His hands fisted. “I haven’t been honest with you.”

My fingers tightened around the mace. “I don’t exactly need that newsflash. I realized the truth last night when I learned the whole
werewolf
bit.”

Rafe’s lips—lips that I stupidly remembered too well against my own—hardened. “You asked me about the other wolves in this town.”

I didn’t like where this was going. I already had a suspicion and…

Rafe shook his head. “Whatever you do, don’t trust Brent, okay?”

No, I definitely didn’t like this. “Brent’s never done anything to me.”

“He hasn’t done anything, yet.”

“Are you saying—is he like you?” I asked but I already knew. No one could heal as fast as he had. No one.

Rafe stared back at me. He made no move to come closer. He just watched me with that steady gaze that saw too much. “You’re afraid of me.” He seemed confused. “But not him?”

His words weren’t an answer. Or maybe they were. Either way, I still wasn’t dropping my mace. “What do you want from me?” I demanded because there had to be something, some reason that he’d sought me out.

I was the new girl in town, and suddenly, the two hottest guys in the school were both showing me way too much attention.

Because I was drop dead gorgeous? Um, no.

Because they were freaking werewolves, and they wanted something from me.
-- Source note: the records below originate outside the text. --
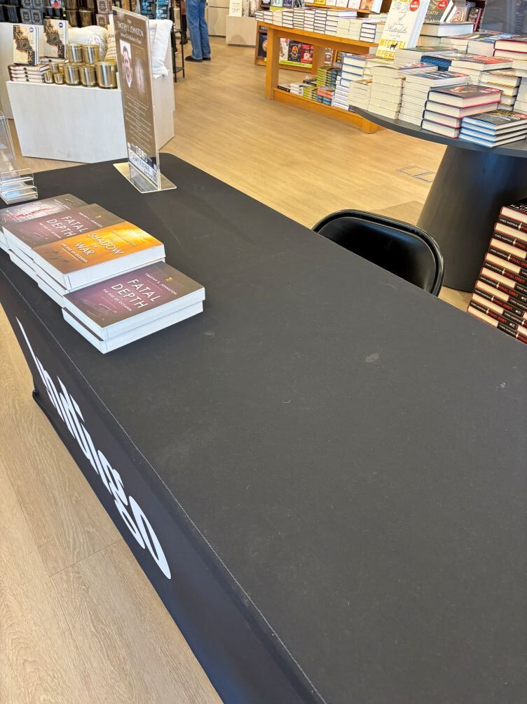 After the signing. I left a few copies (pictured) signed and on the bookshelf.
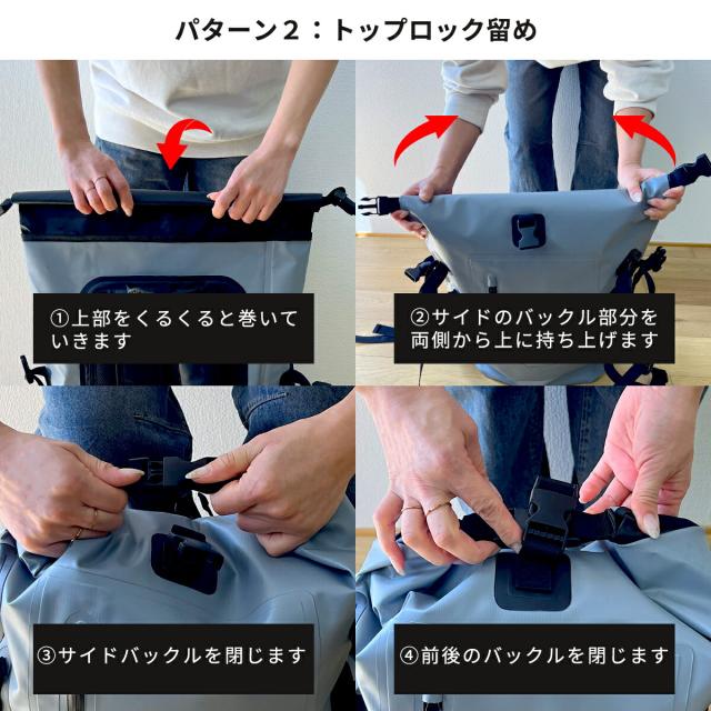 バッグの開閉方法は2種類。サイドロック留めは荷物をたっぷり入れたい時、トップロック留めは内容量が少ない時や、日常シーンにおすすめ
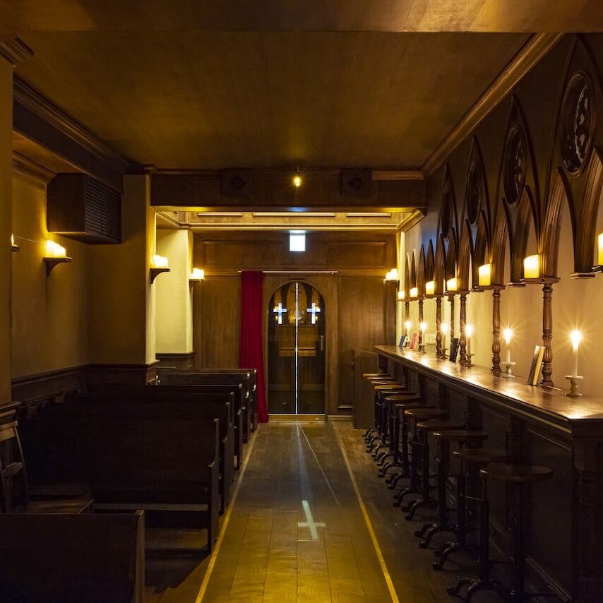 イベントレンタル料金 キャパ:着席50人、スタンディング200人 会場のご利用時間については要相談。 朝5時まで毎日Bar「The Church」としてバー営業しております。 アコースティックライブ、DJなど各種パーティミロンガ、公演会、試写会、ギャラリーなどにご利用ください。 イベント詳細 道玄坂教会/DOGENZAKA CHURCH
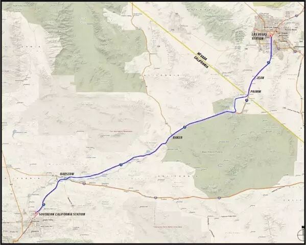 拉斯维加斯至洛杉矶高铁项目,又被西部快线称作“西南铁路网”项目,东起内华达州赌城拉斯维加斯,向西南延伸至加州的胜利谷(Victorville),而后向西连通加州帕姆代尔(Palmdale)。从帕姆代尔到洛杉矶已有现成铁路,加州政府也正在筹划改造升级该段线路。建成后,乘客乘坐高铁用仅用2个小时左右就可完成一次单程旅途,目前驾车在交通顺畅的条件下要4-5个小时。

I caught the slight flare of Rafe’s eyes and realized I’d hit close to the truth.

“I know about this town,” I told him. Part of me wanted to run inside and slam the door, but a much bigger part wanted to race down the porch steps and shake the truth from him. I managed not to move at all. “Granny Helen told me. Witches started this place, huh? And let me guess—your family, Brent’s family—they would have been the hunters who followed the witches here.”

He nodded.

Progress. “So what do you think? Because some ancient ancestor of mine thought she was a witch, I can—”

“She didn’t
think
she was a witch. She was.” Flat. “And because of your mistake today, the others will know you’re just like her.”

My brows shot up. “My mistake?”

He took one stalking step toward me. Then another. I held my ground and my mace. “You really think Valerie took your necklace?”

I blinked at him. “It was in her locker.”

“Um.” A non-committal growl, then, “And how’d you know that?”

I stared back at him.

Anger flashed across his face. “You were ready to tell Brent everything, but you can’t trust me at all, can you?”

Before I could answer, he expelled a hard breath. “I don’t need you to tell me. I already know your secrets, Anna. You’re just like she was. Can’t get lost, can you? Not in the woods the first night we met, not even after the wreck when you were weak and bleeding.”